*** Supplied records ***
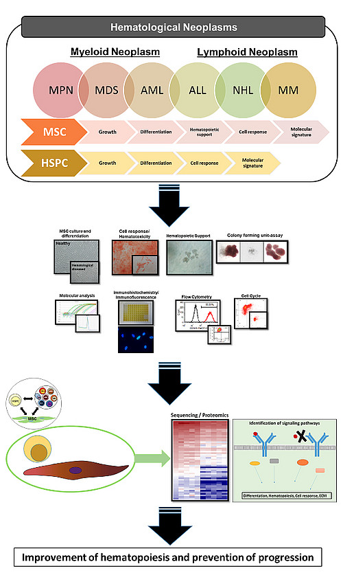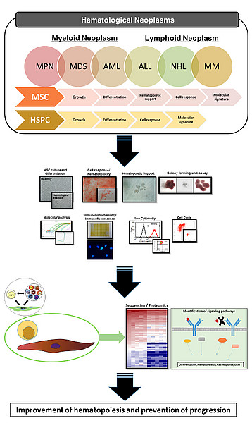 Our research group focuses on the analysis of the bone marrow microenvironment, in particular the interaction of hematopoietic stem and progenitor cells (HSPC) and neighboring cells such as mesenchymal stromal cells (MSC) in patients with hematological neoplasms. Insufficient hematopoiesis is the main feature of these diseases, although the underlying mechanisms by which the malignant cells functionally inhibit healthy hematopoiesis have not been clarified in detail. However, given the central role of the bone marrow microenvironment and in particular MSC in the regulation of normal hematopoiesis, recent work from our group and others suggests that MSC play an important role in this process.
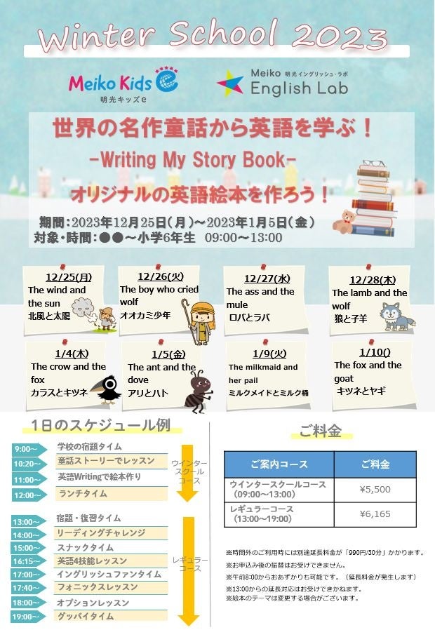 2023年の冬は「世界の名作童話から英語を学ぶ!オリジナルの英語絵本を作ろう!」がテーマとなります。世界の名作童話を日替わりで題材にして、英語を学びます。童話を通して、様々な英単語や表現を楽しく学びながら、お子さまご自身で書いた英文を用いて、仕掛け絵本作りにもチャレンジします。レッスンは全て英語で行いますが、バイリンガルのスタッフがサポートに入りますので、英語学習が初めてのお子さまでも、安心してご参加いただける内容となっております。
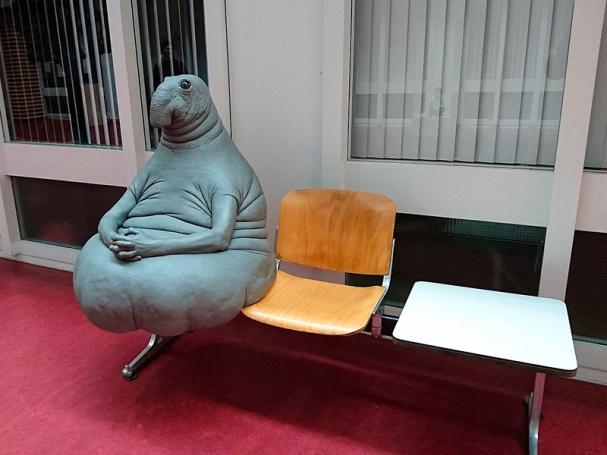 Официальное название этой скульптуры звучит как Homunculus Loxodontus. Художница говорит, что ее вдохновили пациенты, терпеливо сидящие в очереди.
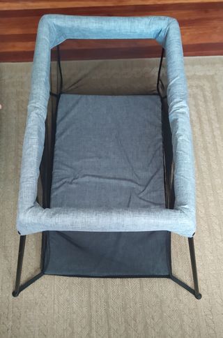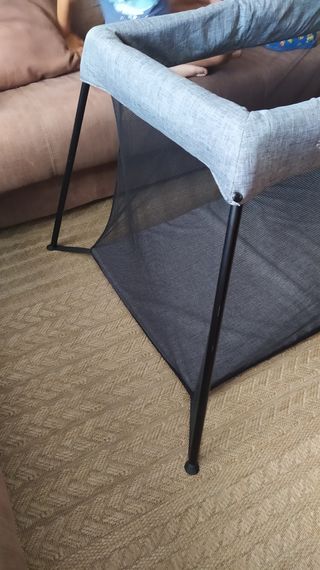 Cuna viaje tipo parque, marca Kindsgut. Marca alemana. Buena cuna. Sólida. Sistema antivuelcos. El colchón se apoya en el suelo, no está flotante. Es cómodo, tiene un grosor y solidez adecuado. Muy fácil de montar y desmontar. Ligera. 5 kg. Pequeñas dimensiones. El colchón mide 60x100cm. Para bebés. PERFECTA PARA VIAJES. Montada mide (distancia entre las patas abiertas): 117x88cm.x85cm. Recogida, el maletín, mide: 48x60cm. Está como nueva.
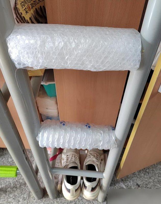 現在我家的氣泡墊快成“全家寶”了:我媽把它鋪在冰箱層架上,放蘋果再也不會碰出坑,上次買的草莓放了三天都沒壞;我那個壓了半年的帆布包,塞點氣泡墊進去,第二天就支棱起來,比買的包撐還軟和;我弟住校,我媽剪了幾塊氣泡墊粘在他宿舍樓梯臺階上,說“爬上鋪不硌腳”——我弟拍視頻給我看,宿舍同學圍在樓梯前問:“這墊在哪買的?軟乎乎的!”他特驕傲:“我媽用快遞泡沫做的!”
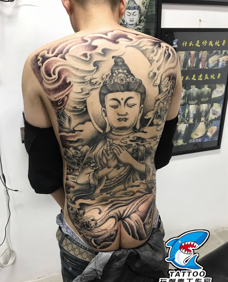 黑灰满背纹身图案
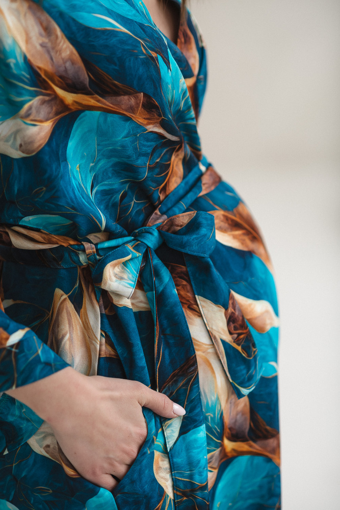 El corte tipo kimono con cinturón permite ajustar el ancho según las necesidades, adaptándose al vientre en crecimiento y manteniendo la comodidad también después del parto. Su longitud adecuada aporta discreción y seguridad en el hospital o en casa durante la lactancia. Las mangas 7/8 facilitan el cuidado del recién nacido sin estorbar, y los bolsillos prácticos resultan útiles para pequeños objetos.
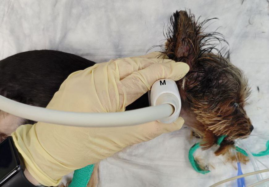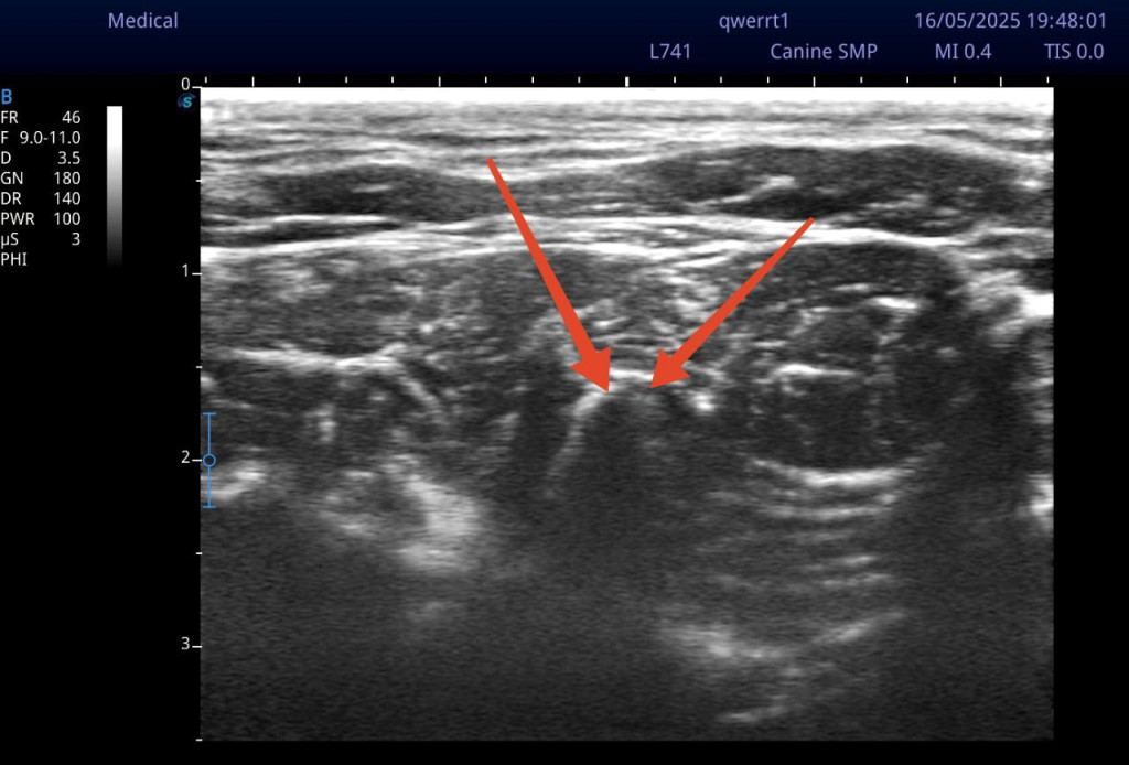 Для выполнения данной хирургической манипуляции, помимо общей анестезии, индуцированной пропофолом и поддерживаемой ингаляционной анестезией с помощью изофлурана, была проведена блокада лестничной мышцы под контролем УЗИ (видео 2). Техника выполнения блокады лестничной мышцы схожа с методикой блокады длинной мышцы головы за исключением необходимости идентифицировать четвертый шейный позвонок с краниальной его части, при этом целевой точкой будет вентральный бугорок поперечного отростка С4. Он визуализируется как акустическая тень от кортикального слоя вентрального бугорка, направленная перпендикулярно к поверхности сканирования. Над бугорком определяется структура, напоминающая «шапочку», которая является лестничной мышцей.
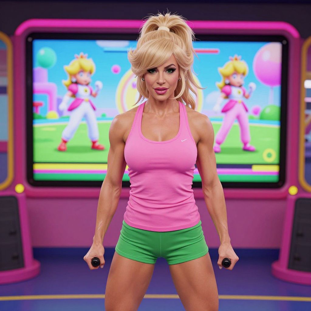In this vibrant and dynamic scene, a muscular woman with voluminous blonde hair styled in a high ponytail stands confidently in a gym setting. She is dressed in a pink tank top and green shorts, exuding strength and determination. Her hands grip a piece of exercise equipment, suggesting she is in the midst of a workout. The background features two large, colorful screens displaying an animated character, likely Princess Peach from the Nintendo universe, engaging in an aerobic exercise routine. The screens are flanked by pink and yellow equipment, adding to the retro, VHS aesthetic of the scene. The overall composition is lively and energetic, capturing the essence of a high-energy workout session.
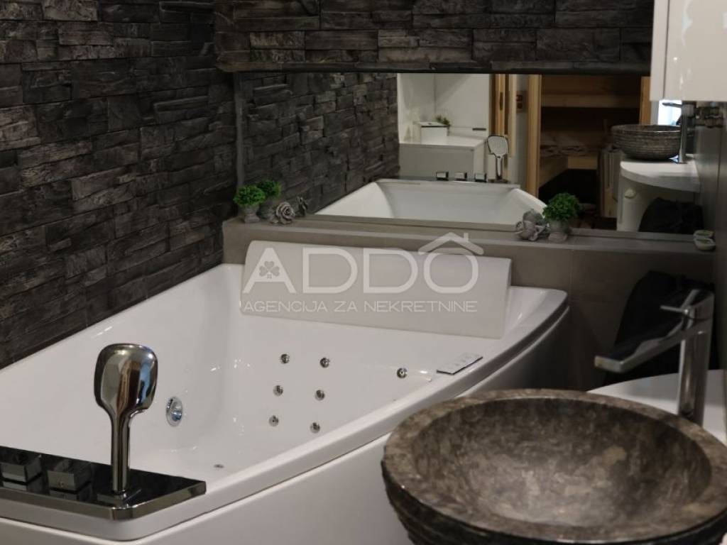 This apartment offers a private wellness corner for complete relaxation and escape from everyday life, a luxurious jacuzzi, a modern sauna.
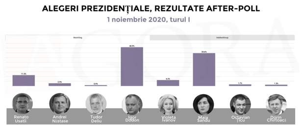 Явка на выборах президента Молдовы, которые состоялись в воскресенье, составила 42,7%. Экзит-пулов не проводилось. Их заменил телефонный опрос, проведенный компанией «Intellect Group» и ассоциацией «SPERO». В нем приняли участие 3 600 человек из Республики Молдова, США, Канады, стран ЕС и России, а также Приднестровья.
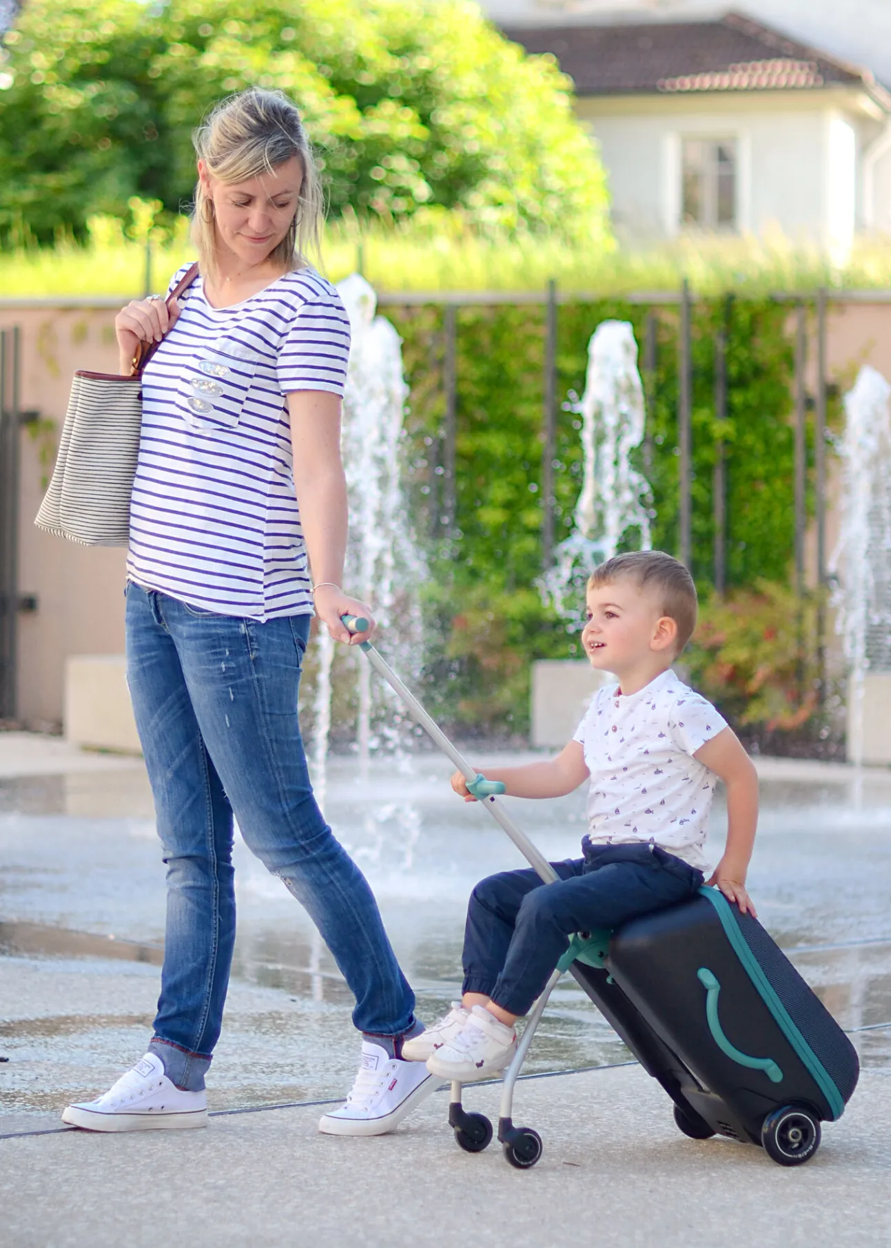 - Pratique : Deux Roues Supplementaires Rendent La Valise Stable Pour Faire Glisser Votre Enfant (Jusqu’A 50Kg) Ou S’Assoir Pour Patienter (Jusqu’A 100 Kg)
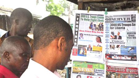 | Người dân đọc các bài báo về tuyên bố của Tổng thống Mỹ, Barack Obama về việc đưa quân lính đến chiến đấu với dịch bệnh Ebola tại Monrovia, Liberia, ngày 19/09/2014 |
*** End of Supplied records ***
▶ [Work required]
When you copy the records above, keep every word exact and leave out the pictures they contain.

▶ [Task answer]
 Our research group focuses on the analysis of the bone marrow microenvironment, in particular the interaction of hematopoietic stem and progenitor cells (HSPC) and neighboring cells such as mesenchymal stromal cells (MSC) in patients with hematological neoplasms. Insufficient hematopoiesis is the main feature of these diseases, although the underlying mechanisms by which the malignant cells functionally inhibit healthy hematopoiesis have not been clarified in detail. However, given the central role of the bone marrow microenvironment and in particular MSC in the regulation of normal hematopoiesis, recent work from our group and others suggests that MSC play an important role in this process.
 2023年の冬は「世界の名作童話から英語を学ぶ!オリジナルの英語絵本を作ろう!」がテーマとなります。世界の名作童話を日替わりで題材にして、英語を学びます。童話を通して、様々な英単語や表現を楽しく学びながら、お子さまご自身で書いた英文を用いて、仕掛け絵本作りにもチャレンジします。レッスンは全て英語で行いますが、バイリンガルのスタッフがサポートに入りますので、英語学習が初めてのお子さまでも、安心してご参加いただける内容となっております。
 Официальное название этой скульптуры звучит как Homunculus Loxodontus. Художница говорит, что ее вдохновили пациенты, терпеливо сидящие в очереди.
 Cuna viaje tipo parque, marca Kindsgut. Marca alemana. Buena cuna. Sólida. Sistema antivuelcos. El colchón se apoya en el suelo, no está flotante. Es cómodo, tiene un grosor y solidez adecuado. Muy fácil de montar y desmontar. Ligera. 5 kg. Pequeñas dimensiones. El colchón mide 60x100cm. Para bebés. PERFECTA PARA VIAJES. Montada mide (distancia entre las patas abiertas): 117x88cm.x85cm. Recogida, el maletín, mide: 48x60cm. Está como nueva.
 現在我家的氣泡墊快成“全家寶”了:我媽把它鋪在冰箱層架上,放蘋果再也不會碰出坑,上次買的草莓放了三天都沒壞;我那個壓了半年的帆布包,塞點氣泡墊進去,第二天就支棱起來,比買的包撐還軟和;我弟住校,我媽剪了幾塊氣泡墊粘在他宿舍樓梯臺階上,說“爬上鋪不硌腳”——我弟拍視頻給我看,宿舍同學圍在樓梯前問:“這墊在哪買的?軟乎乎的!”他特驕傲:“我媽用快遞泡沫做的!”
 黑灰满背纹身图案
 El corte tipo kimono con cinturón permite ajustar el ancho según las necesidades, adaptándose al vientre en crecimiento y manteniendo la comodidad también después del parto. Su longitud adecuada aporta discreción y seguridad en el hospital o en casa durante la lactancia. Las mangas 7/8 facilitan el cuidado del recién nacido sin estorbar, y los bolsillos prácticos resultan útiles para pequeños objetos.
 Для выполнения данной хирургической манипуляции, помимо общей анестезии, индуцированной пропофолом и поддерживаемой ингаляционной анестезией с помощью изофлурана, была проведена блокада лестничной мышцы под контролем УЗИ (видео 2). Техника выполнения блокады лестничной мышцы схожа с методикой блокады длинной мышцы головы за исключением необходимости идентифицировать четвертый шейный позвонок с краниальной его части, при этом целевой точкой будет вентральный бугорок поперечного отростка С4. Он визуализируется как акустическая тень от кортикального слоя вентрального бугорка, направленная перпендикулярно к поверхности сканирования. Над бугорком определяется структура, напоминающая «шапочку», которая является лестничной мышцей.
In this vibrant and dynamic scene, a muscular woman with voluminous blonde hair styled in a high ponytail stands confidently in a gym setting. She is dressed in a pink tank top and green shorts, exuding strength and determination. Her hands grip a piece of exercise equipment, suggesting she is in the midst of a workout. The background features two large, colorful screens displaying an animated character, likely Princess Peach from the Nintendo universe, engaging in an aerobic exercise routine. The screens are flanked by pink and yellow equipment, adding to the retro, VHS aesthetic of the scene. The overall composition is lively and energetic, capturing the essence of a high-energy workout session.
 This apartment offers a private wellness corner for complete relaxation and escape from everyday life, a luxurious jacuzzi, a modern sauna.
 Явка на выборах президента Молдовы, которые состоялись в воскресенье, составила 42,7%. Экзит-пулов не проводилось. Их заменил телефонный опрос, проведенный компанией «Intellect Group» и ассоциацией «SPERO». В нем приняли участие 3 600 человек из Республики Молдова, США, Канады, стран ЕС и России, а также Приднестровья.
 - Pratique : Deux Roues Supplementaires Rendent La Valise Stable Pour Faire Glisser Votre Enfant (Jusqu’A 50Kg) Ou S’Assoir Pour Patienter (Jusqu’A 100 Kg)
 | Người dân đọc các bài báo về tuyên bố của Tổng thống Mỹ, Barack Obama về việc đưa quân lính đến chiến đấu với dịch bệnh Ebola tại Monrovia, Liberia, ngày 19/09/2014 |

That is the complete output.